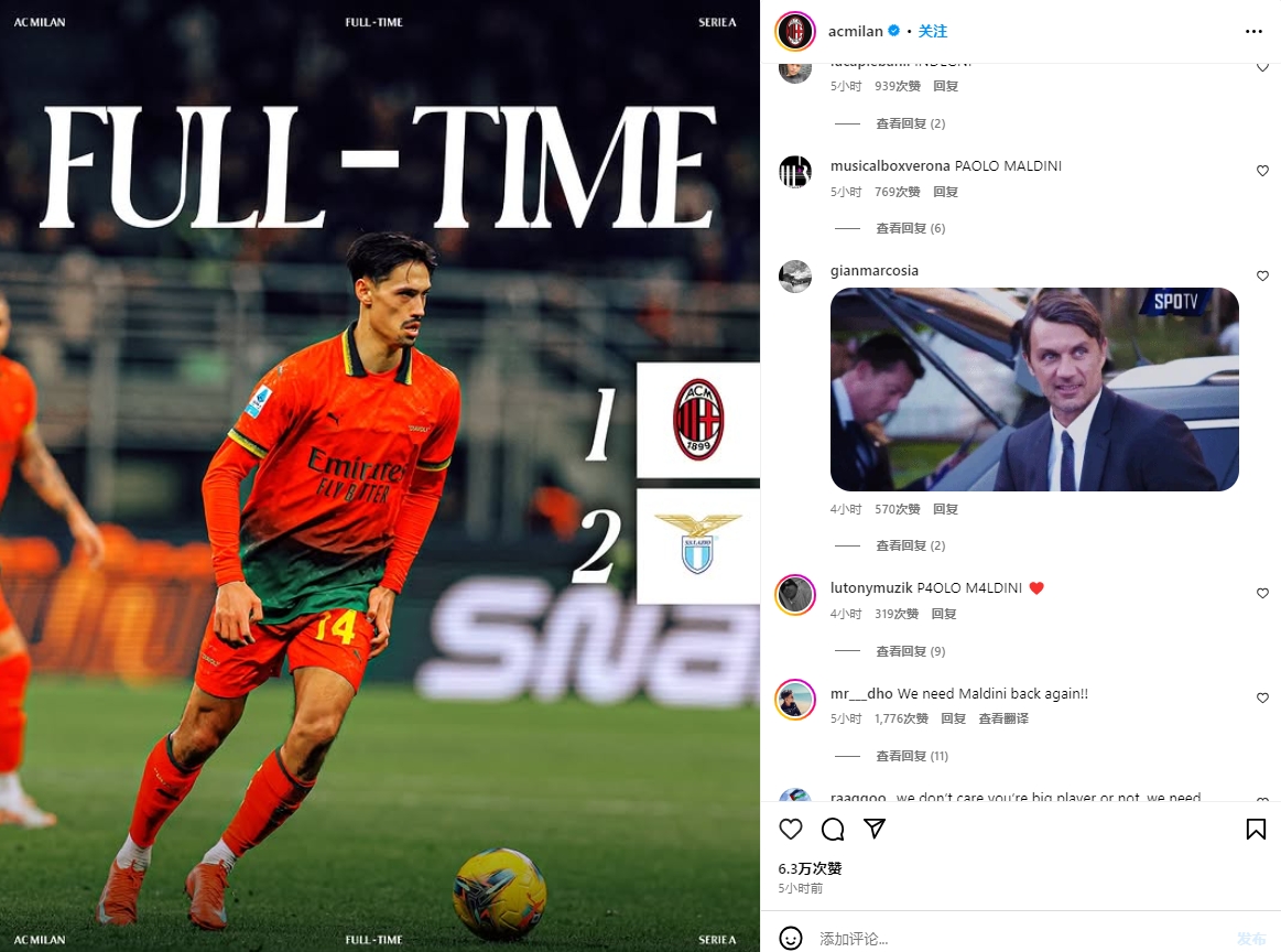 03月03日訊 意甲第27輪,米蘭主場1-2不敵拉齊奧,歐冠出局后遭遇聯賽三連敗,跌至意甲第9。賽后米蘭官方INS評論區,不少球迷呼吁馬爾蒂尼回歸:——41分足夠保級嗎?——所有人都滾,沒有一個人配穿
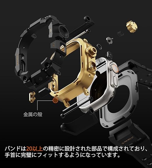 【一体型バンドカバー・対応機種】アップル・ウォッチ・ウルトラ 49mm。フレームの一体化強化デザインは、従来の分離式アップルウォッチケースと違い、衝撃を受けても合理的分散し、強きインパクトからapple watch本体「含まれません」を守ります。
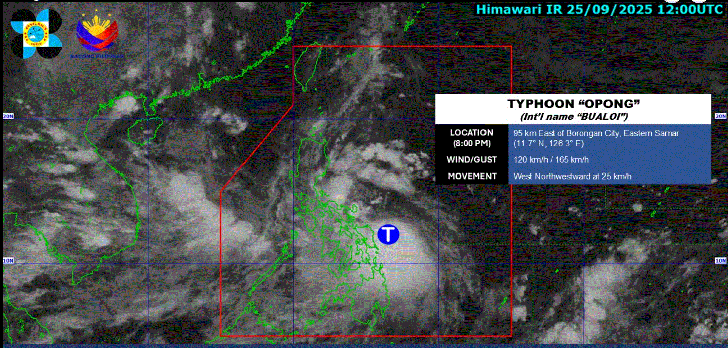 The center of Opong was monitored over the coastal waters of Dolores, Eastern Samar. It has maximum sustained winds of 120 kilometers per hour near the center, and gustiness of up to 165 kilometers per hour.
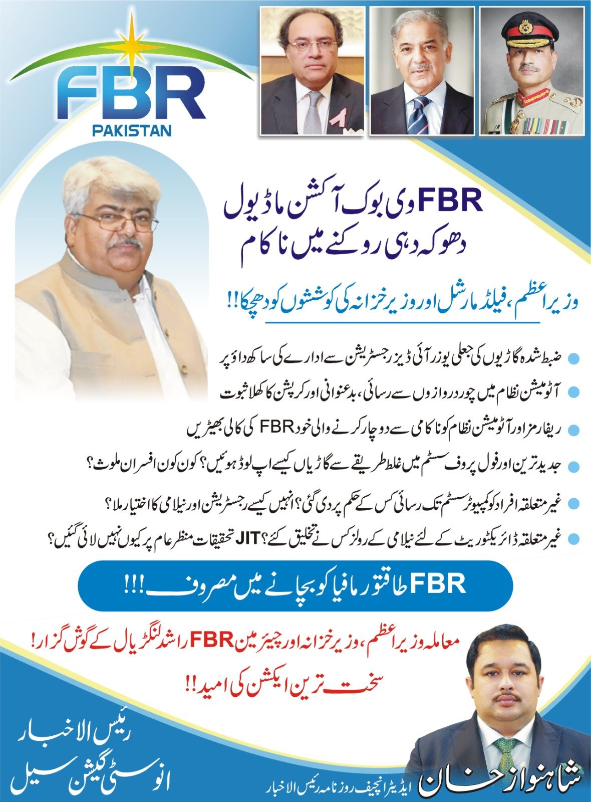 ایف بی آر آکشن ماڈیول اسکینڈل صرف گاڑیوں کی غیر قانونی رجسٹریشن تک محدود نہیں بلکہ ایف بی آر جیسے بڑے ادارے کی ساکھ پر براہ راست حملہ ہے۔ عوام سوال کر رہی ہے:
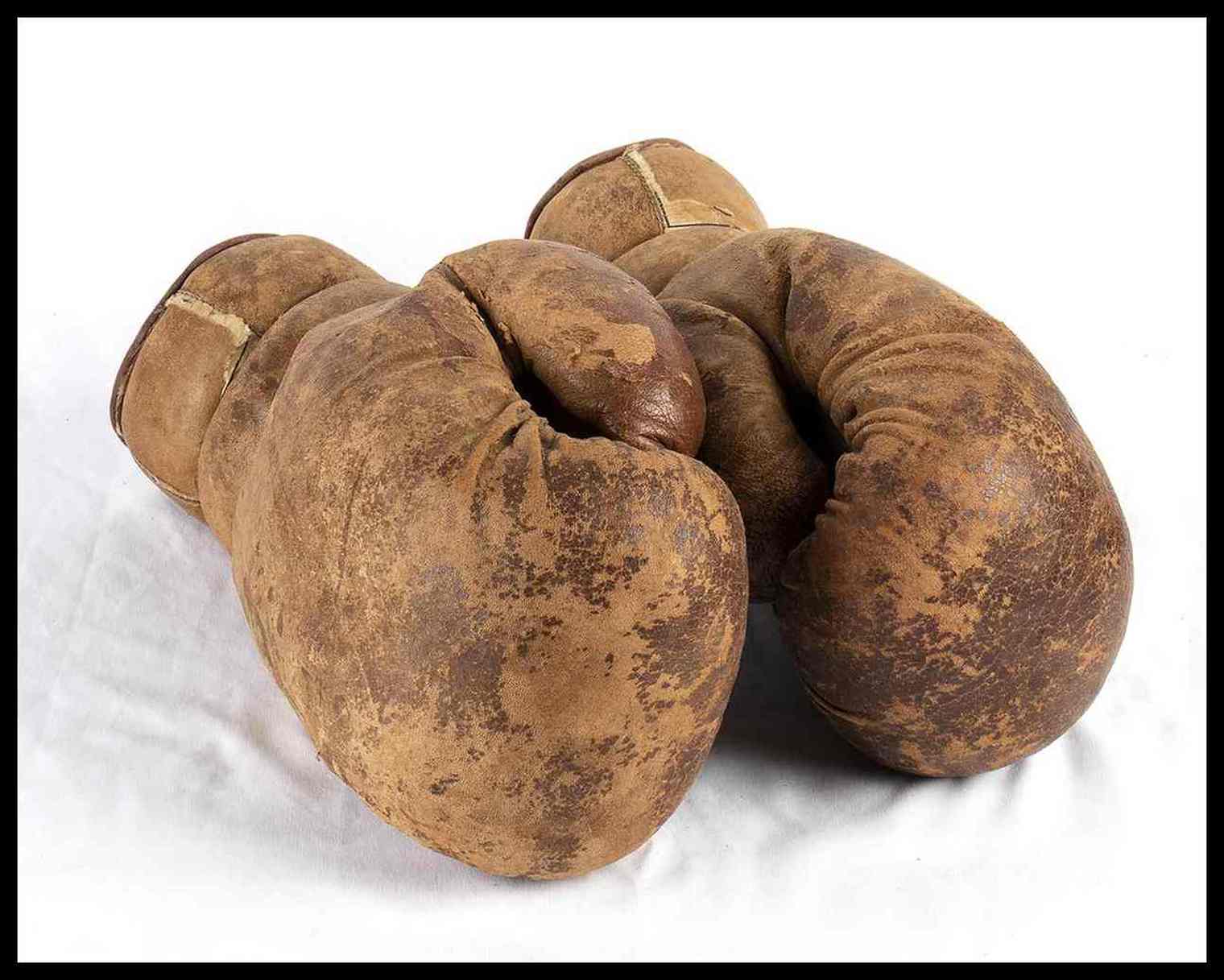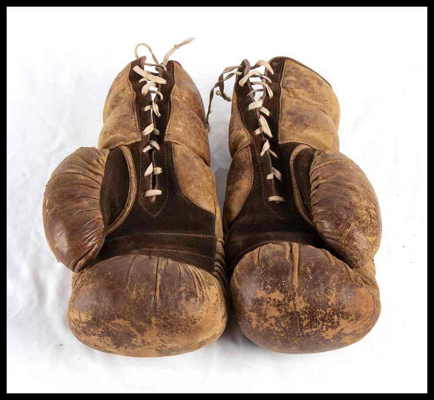 Paio di guantoni da pugilato , imbottiti, rivestiti in pelle, con lacci di chiusura, periodo anni '30
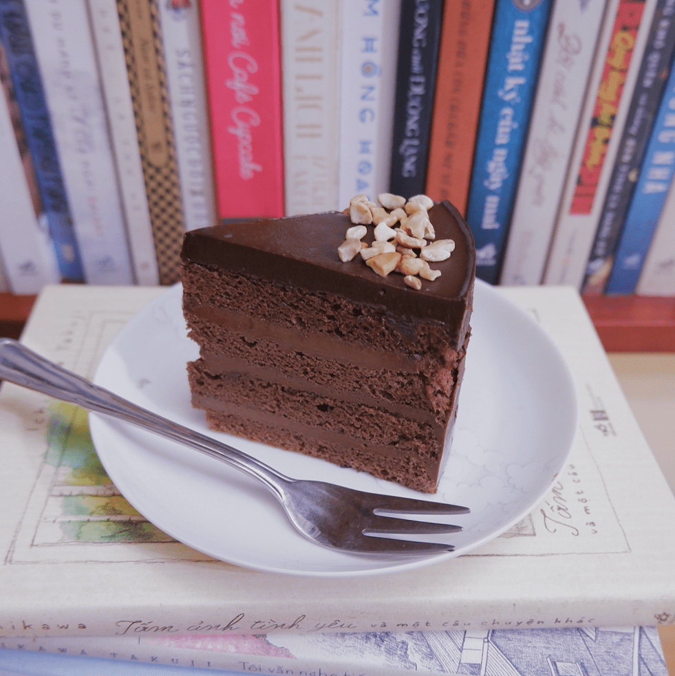 – Chia bánh làm 4 phần mỏng, chia phần kem ganache làm 3 phần. Lót phần bạt chắc chắn nhất xuống dưới cùng, tiếp đến là kem ganache, tiếp theo nữa là bánh, cứ như vậy tới khi hết. Bỏ bánh vào tủ lạnh.
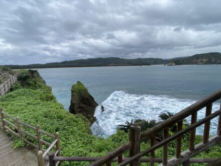 西表島西部に位置するうなりざき公園展望台は、島の雄大な自然を間近に感じられる場所です。整備された遊歩道を進むと、視界が一気に開け、眼下には岩礁と波が打ち寄せる海
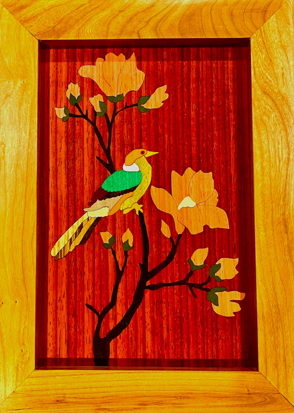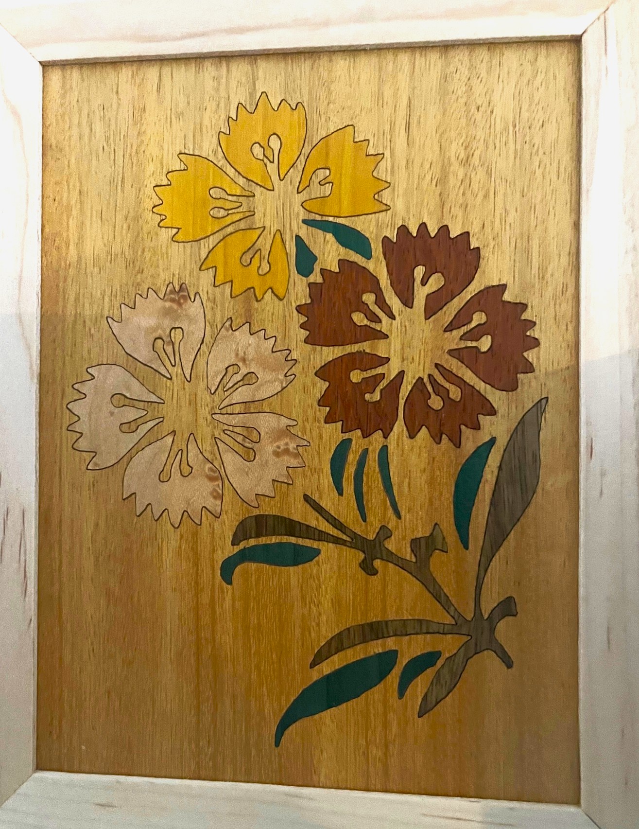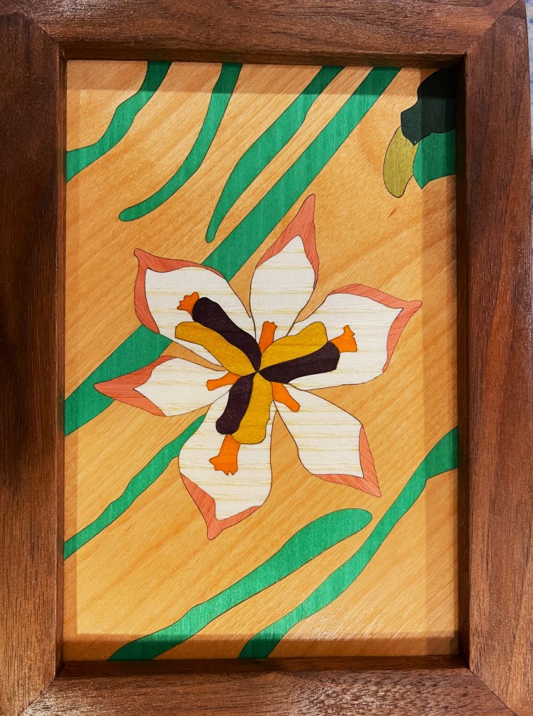 I have been exploring the use of a laser cutter in marquetry projects. Very satisfying. I am also making my own frames from walnut, cherry and maple. Basic miter sawing and using a router to rabbet the inset for the inlay. The process is quite complex. Here is a quick synopsis of steps:
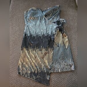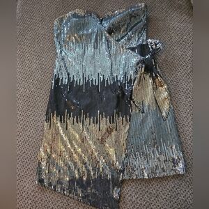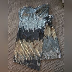 Trixxi Strapless Wrap Dress Sz L Womens Sequin Glitter Mini Y2k Club Feminine
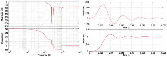 The frequency response of the filter described by (1) is presented in Figure 1. The frequency response depicted in Figure 1 is the same as the frequency characteristic published by JR3 in the technical note [13]. Besides the frequency responses of the considered elliptic filter, Figure 1 presents also its step response and impulse response. It is not difficult to find that the considered elliptic filter is very selective in the transition band. On the other hand, the presented step and impulse response clearly indicate that the transient response of the considered filter is very long. Taking into account the step response of the filter we can observe that the 2% settling time achieves about 28.1 ms and the overshoot reaches 17.94%.
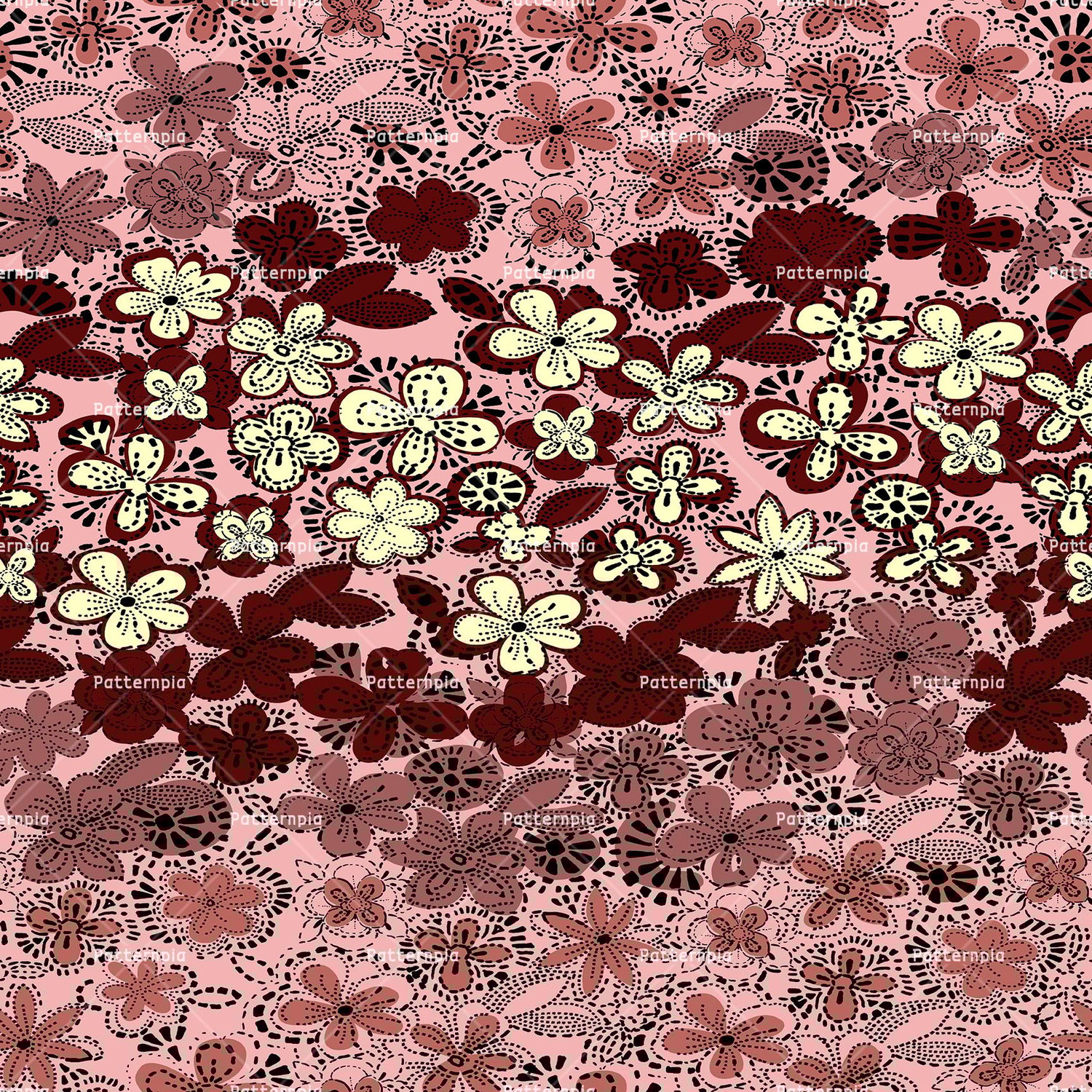Layered crimson and cream florals on a pink ground.

> [Activity]: No pictures go in the copy. Set down all the data exactly.

> [Problem solution]:
 03月03日訊 意甲第27輪,米蘭主場1-2不敵拉齊奧,歐冠出局后遭遇聯賽三連敗,跌至意甲第9。賽后米蘭官方INS評論區,不少球迷呼吁馬爾蒂尼回歸:——41分足夠保級嗎?——所有人都滾,沒有一個人配穿
 【一体型バンドカバー・対応機種】アップル・ウォッチ・ウルトラ 49mm。フレームの一体化強化デザインは、従来の分離式アップルウォッチケースと違い、衝撃を受けても合理的分散し、強きインパクトからapple watch本体「含まれません」を守ります。
 The center of Opong was monitored over the coastal waters of Dolores, Eastern Samar. It has maximum sustained winds of 120 kilometers per hour near the center, and gustiness of up to 165 kilometers per hour.
 ایف بی آر آکشن ماڈیول اسکینڈل صرف گاڑیوں کی غیر قانونی رجسٹریشن تک محدود نہیں بلکہ ایف بی آر جیسے بڑے ادارے کی ساکھ پر براہ راست حملہ ہے۔ عوام سوال کر رہی ہے:
 Paio di guantoni da pugilato , imbottiti, rivestiti in pelle, con lacci di chiusura, periodo anni '30
 – Chia bánh làm 4 phần mỏng, chia phần kem ganache làm 3 phần. Lót phần bạt chắc chắn nhất xuống dưới cùng, tiếp đến là kem ganache, tiếp theo nữa là bánh, cứ như vậy tới khi hết. Bỏ bánh vào tủ lạnh.
 西表島西部に位置するうなりざき公園展望台は、島の雄大な自然を間近に感じられる場所です。整備された遊歩道を進むと、視界が一気に開け、眼下には岩礁と波が打ち寄せる海
 I have been exploring the use of a laser cutter in marquetry projects. Very satisfying. I am also making my own frames from walnut, cherry and maple. Basic miter sawing and using a router to rabbet the inset for the inlay. The process is quite complex. Here is a quick synopsis of steps:
 Trixxi Strapless Wrap Dress Sz L Womens Sequin Glitter Mini Y2k Club Feminine
 The frequency response of the filter described by (1) is presented in Figure 1. The frequency response depicted in Figure 1 is the same as the frequency characteristic published by JR3 in the technical note [13]. Besides the frequency responses of the considered elliptic filter, Figure 1 presents also its step response and impulse response. It is not difficult to find that the considered elliptic filter is very selective in the transition band. On the other hand, the presented step and impulse response clearly indicate that the transient response of the considered filter is very long. Taking into account the step response of the filter we can observe that the 2% settling time achieves about 28.1 ms and the overshoot reaches 17.94%.
Layered crimson and cream florals on a pink ground.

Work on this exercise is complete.